Your pilot study should be able to indicate that your new technique can outperform the state-of-the-art technique in certain scenarios.  A convincing technique usually leads to pilot results that can show advantages over the state-of-the-art even with just 3-4 people.  If no convincing results are observed after pilot testing with 3-4 people, this could be a risky study to proceed with. We recommend that you either move to a different research question, or  pivot by changing the scenario or technique  (example listed on the right). The bottom line is that pilots for 'be the best' papers need to convince you of a winning case, otherwise, the study may lead to a null result and be difficult to publish.  In certain cases however, a failed "be the best" technique can reveal important insight about interaction design. For example, in Ken Hinckley's Springboard paper , his initial idea was that the local marking menu would be better than a fixed widget placed at the corner of the screen. When the experiment results showed otherwise, he turned his study into an analysis paper which informed readers on the underlying causes of that.

In the context of mobile eyes-free interaction, if you believe that your new menu system can outperform the marking menu , your pilot results should indicate a convincing win in speed and accuracy, i.e. either comparable in speed, but much more accurate, or comparable in accuracy but much faster in speed, or better in both speed and accuracy. Pivoting by changing scenario: If you explored your system but found that it did not significantly outperform the marking menu under the eyes-free mobile scenario, you could explore the same technique under a single handed usage scenario. If pilot results are favourable in the latter, you could craft a new story based on the winning case. You could also pivot by changing the technique .

'Be the first' Description

Examples

A 'be the first' paper does not necessarily have to outperform the state-of-the-art existing technique (great if it does!), but to know its feasibility, check that the pilot demonstrates some of these characteristics, especially the first: The new technique/topic needs to be useful and desirable in certain usage scenarios, i.e. people like and want it. To check for this, implement a quick and dirty pilot on a few people - If the reaction it elicits includes "this is cool", "this is useful", or "I like it", then you are onto something interesting. If not, you may need to switch your direction.  You explore the design space for potential solutions within the problem domain. Since it is a new technique for a novel problem domain you are proposing, reviewers want to know that your solution is well-thought out rather than arbitrary. You can do this by identifying the parameters considered as you were seeking the solution, and conducting a comparative study to demonstrate which configuration of the parameters reveal the best possible results.   Once that is established, it is often useful to compare your approach with existing approaches. Compared to 'be the best' papers, the requirement for having a convincing winning case is more relaxed with 'be the first' papers, because usage scenarios can vary with the latter. Justify that in some cases it is more desirable to use your technique, and you will have a reasonable story.
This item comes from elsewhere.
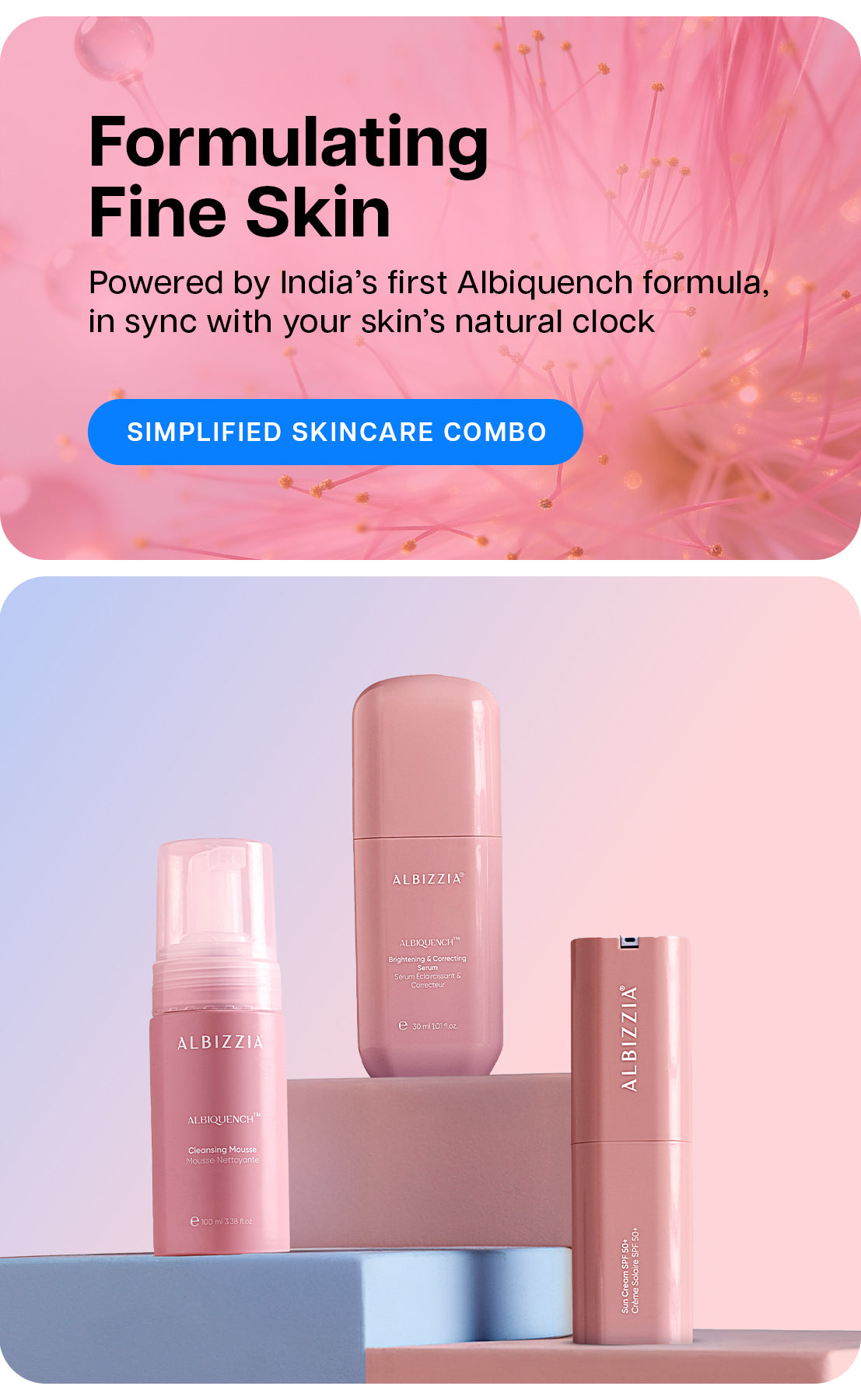 Albiquench is Albizzia’s signature formulation made from seven bioactive compounds. These actives work together to deliver high antioxidant strength, deep hydration, and daily skin defence.

Ashwin's LSVP paper ( Ram & Zhao, 2021 ) is a 'be the first' paper introducing smart-glasses as a platform for watching videos. He first had to establish that watching videos on-the-go (using smart-glasses) is not only possible but useful in certain cases.  Ashwin's LSVP paper compares LSVP with the mobile phone, and demonstrates that LSVP achieves better results in both learning and navigation cases. This is a convincing winning case.

Statistical significance estimation in pilots

While pilot studies typically have too few participants for statistical significance, there's a useful estimation technique to predict if your full study might yield significant results. This technique, called the data duplication method, involves taking your pilot data (e.g., from 3 participants), duplicating it several times (e.g., 4x to simulate 12 participants), running statistical tests on the duplicated dataset, and checking if this shows significance. If significance emerges from this analysis, it suggests you may achieve significance with a larger sample in your full study.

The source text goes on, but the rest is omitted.